## [Work to be completed]
Begin at the top of the entries below and write out every line through the one containing "Crafted with care, this", excluding pictures.

_ _ _

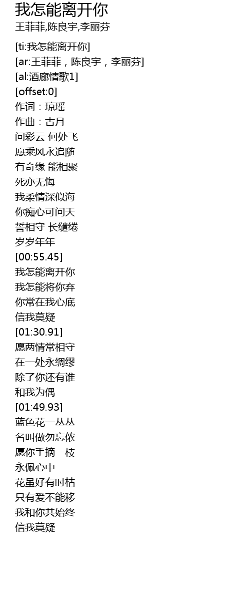 | [01:13.79] | wǒ zěn néng lí kāi nǐ |
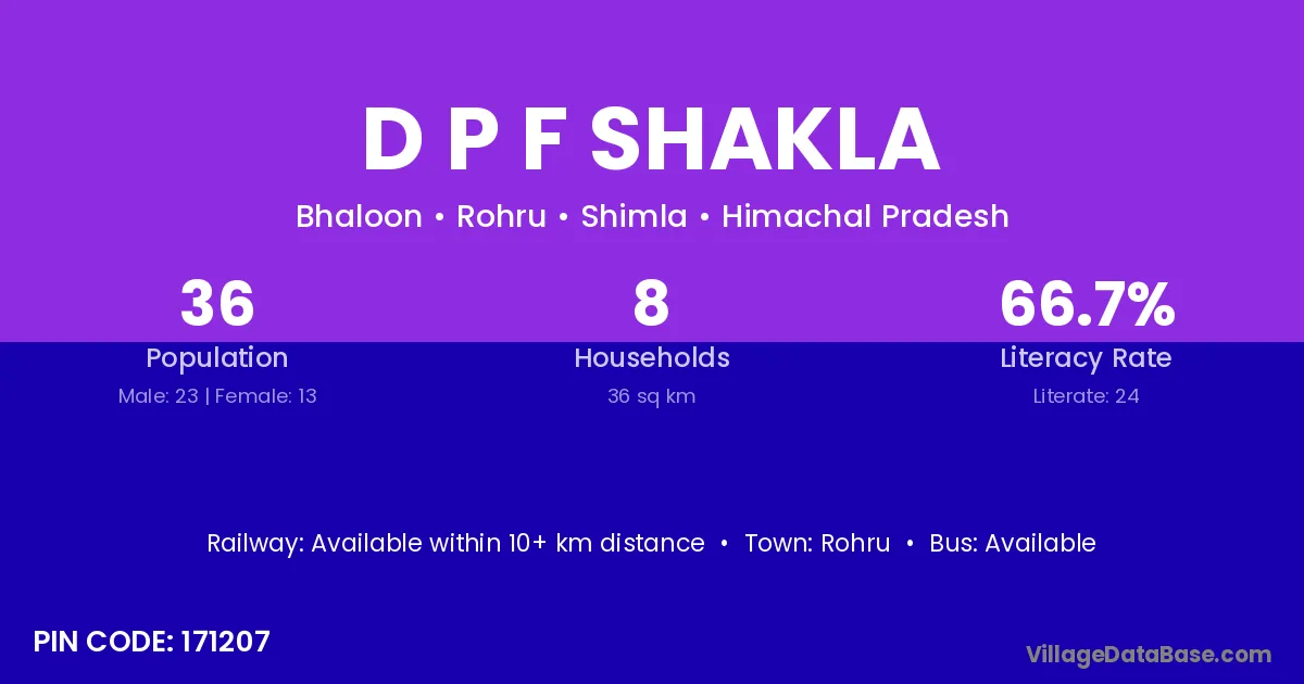 Rohru is the nearest town to D P F Shakla village for major economic activities
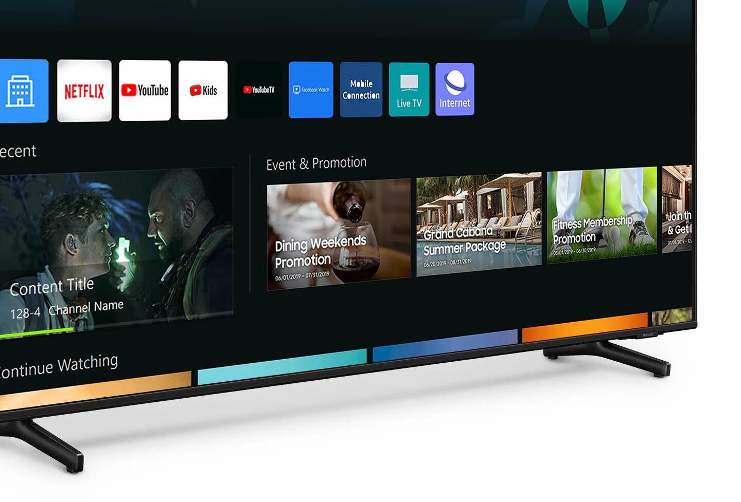 Smart Hub hostům nabízí jednoduchý přístup k různorodému obsahu, kteří si tak mohou nepřetržitě vychutnávat své oblíbené filmy nebo pořady na Netflixu – a to v maximálním pohodlí. Manažeři hotelu navíc budou moci domovskou obrazovku přidat různé propagační materiály.
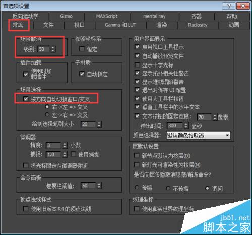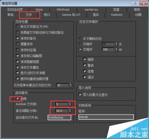 3、首选项的设置,第一就是场景撤销,一般新手会做错很多东西,所以后退的步数一定要够用啊!哈哈!场景选择:勾上之后就可以像CAD一样的有正选、反选的分别了!文件里面的自动保存,文件数太多也不好,到时候找起来麻烦,太少了时不时就要被刷新,依我的经验七八个就行,备份时间太少容易卡。
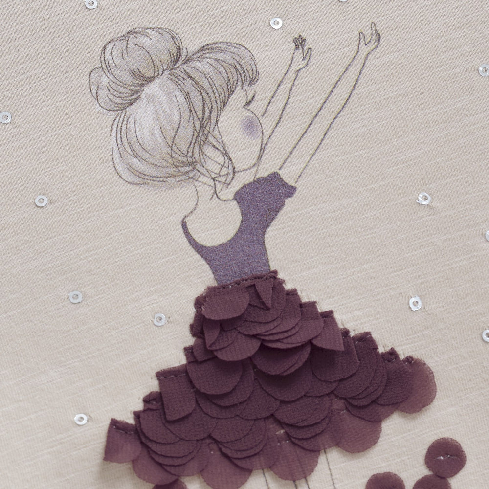 Crafted with care, this long-sleeved Minymo blouse in smoke gray features delicate ruffle details along the shoulders, adding a touch of elegance. Centered with a charming 3D ballerina print adorned with sparkling sequins, it's made from an organic cotton blend that ensures comfort against tender skin. Ideal for both style and ease, this piece blends functionality with a dash of whimsy, perfect for any child's wardrobe.
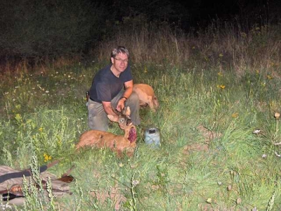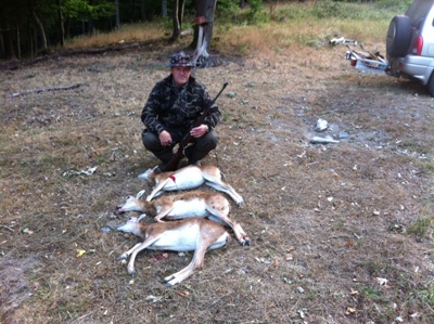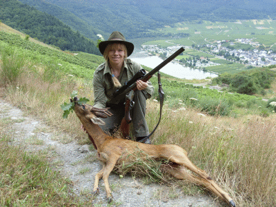 Jägerin Nicole Kremer (geb. Porten) mit ihrem erlegten Rehbock |
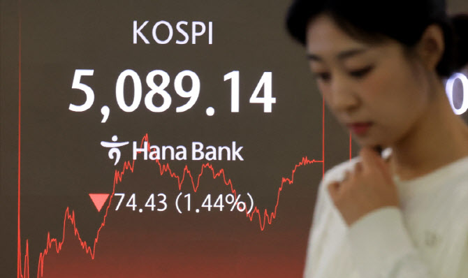 6일 엠피닥터에 따르면 코스피는 전 거래일 대비 74.43포인트(1.44%) 내린 5089.14에 마감했다.
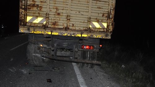 Manisa'nın Salihli ilçesinde otomobilin park halindeki kamyona çarpması sonucunda 1 kişi hayatını kaybetti, 3 kişi yaralandı.
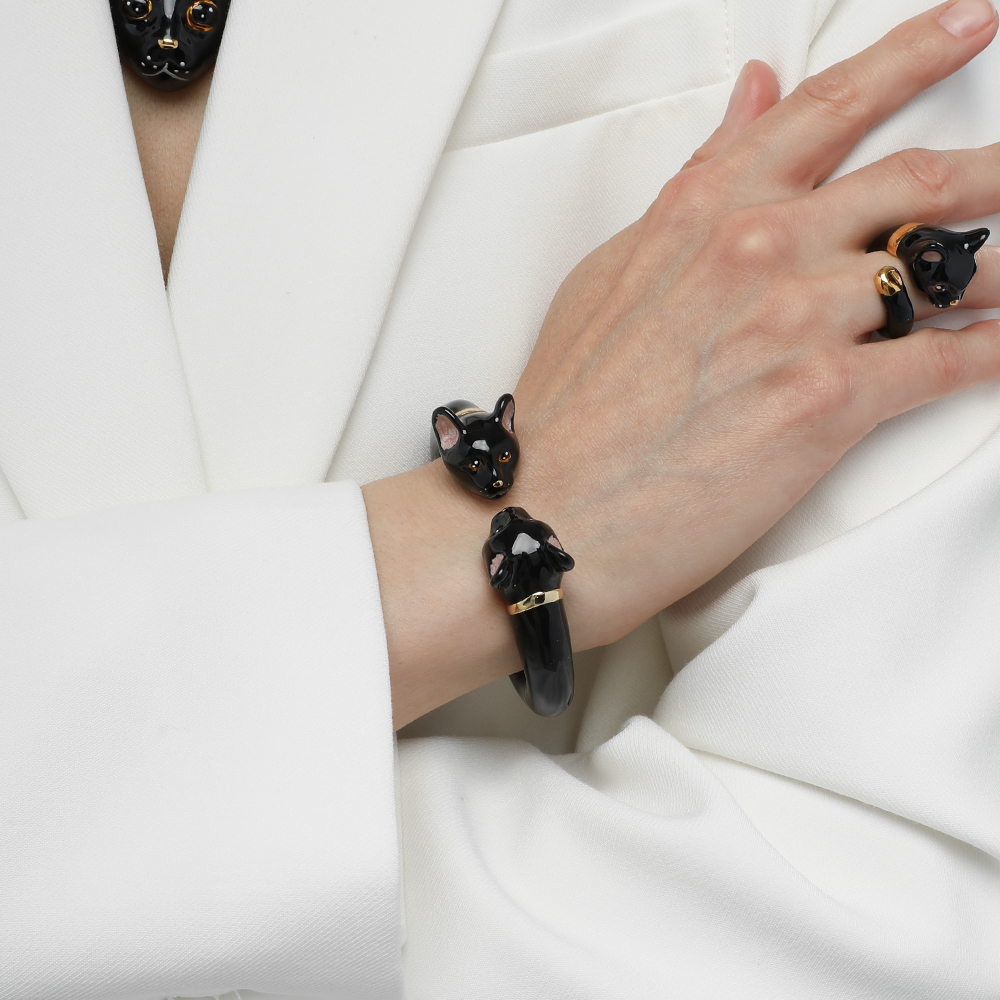 Браслет кошка женский купить (эмаль черная; покрытие золото) — интернет-магазин Uvelina
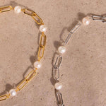 Freshwater Pearl Zircon Paperclip Bracelet
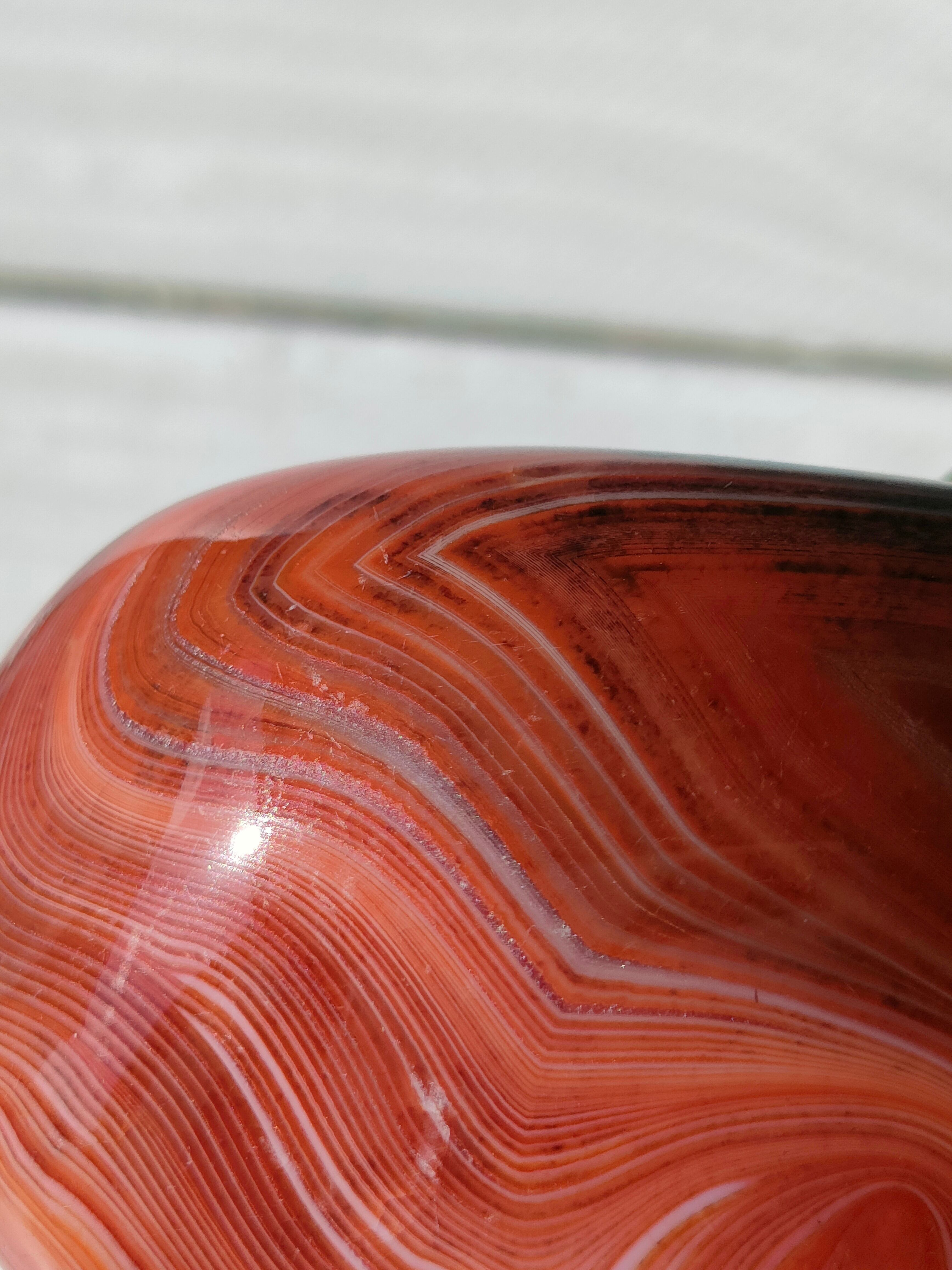 瑪瑙は小さな結晶の集まりでできています。縞模様の間から微細な水晶が見ることができます。(写真8枚目)
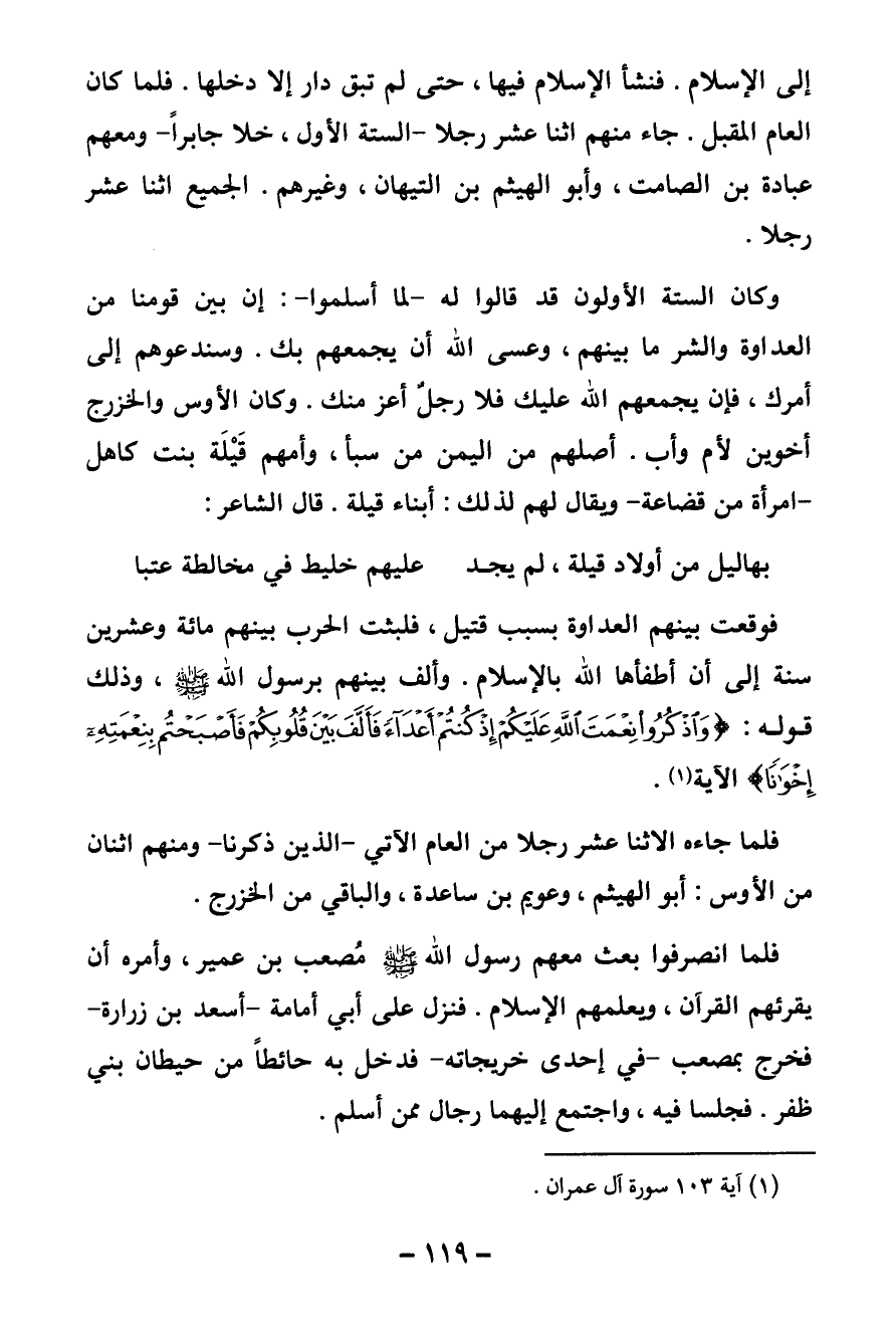 إلى الإسلام. فنشأ الإسلام فيها، حتى لم تبق دار إلا ودخلها. فلما كان العام المقبل جاء منهم اثنا عشر رجلا - الستة الأول. خلا جابرا - ومعهم عبادة بن الصامت، وأبو الهيثم بن التيهان، وغيرهم. الجميع اثنا عشر رجلا.
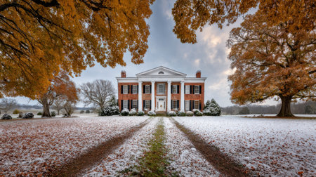 An impressive estate stands amidst a snow-covered field, framed by trees with autumn foliage. The building features classical architectural details and a colonnaded facade. Warm hues of orange and brown contrast with the cool blues and whites of the winter environment. The image evokes a sense of tranquility and could be used for various commercial or editorial purposes.
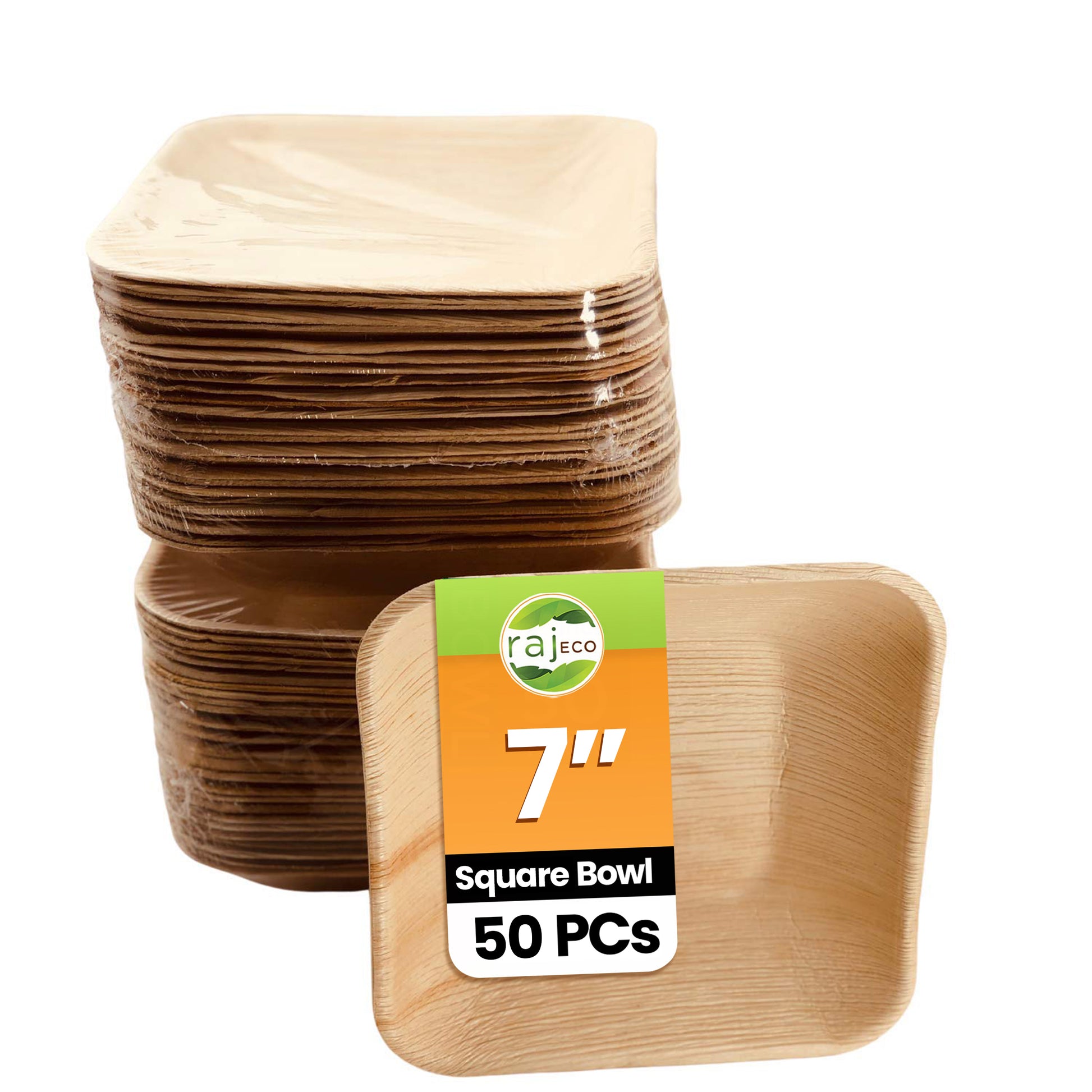 Raj Palm Leaf Plates, [50-Pack] 7" Square Bowls like Bamboo plates Disposable, Strong, Decorative Compostable Tableware for wedding, Lunch, Dinner, Birthday, Camping, Outdoor BBQ, Picnic

_ _ _

## [Written answer]
 | [01:13.79] | wǒ zěn néng lí kāi nǐ |
 Rohru is the nearest town to D P F Shakla village for major economic activities
 Smart Hub hostům nabízí jednoduchý přístup k různorodému obsahu, kteří si tak mohou nepřetržitě vychutnávat své oblíbené filmy nebo pořady na Netflixu – a to v maximálním pohodlí. Manažeři hotelu navíc budou moci domovskou obrazovku přidat různé propagační materiály.
 3、首选项的设置,第一就是场景撤销,一般新手会做错很多东西,所以后退的步数一定要够用啊!哈哈!场景选择:勾上之后就可以像CAD一样的有正选、反选的分别了!文件里面的自动保存,文件数太多也不好,到时候找起来麻烦,太少了时不时就要被刷新,依我的经验七八个就行,备份时间太少容易卡。
 Crafted with care, this long-sleeved Minymo blouse in smoke gray features delicate ruffle details along the shoulders, adding a touch of elegance. Centered with a charming 3D ballerina print adorned with sparkling sequins, it's made from an organic cotton blend that ensures comfort against tender skin. Ideal for both style and ease, this piece blends functionality with a dash of whimsy, perfect for any child's wardrobe.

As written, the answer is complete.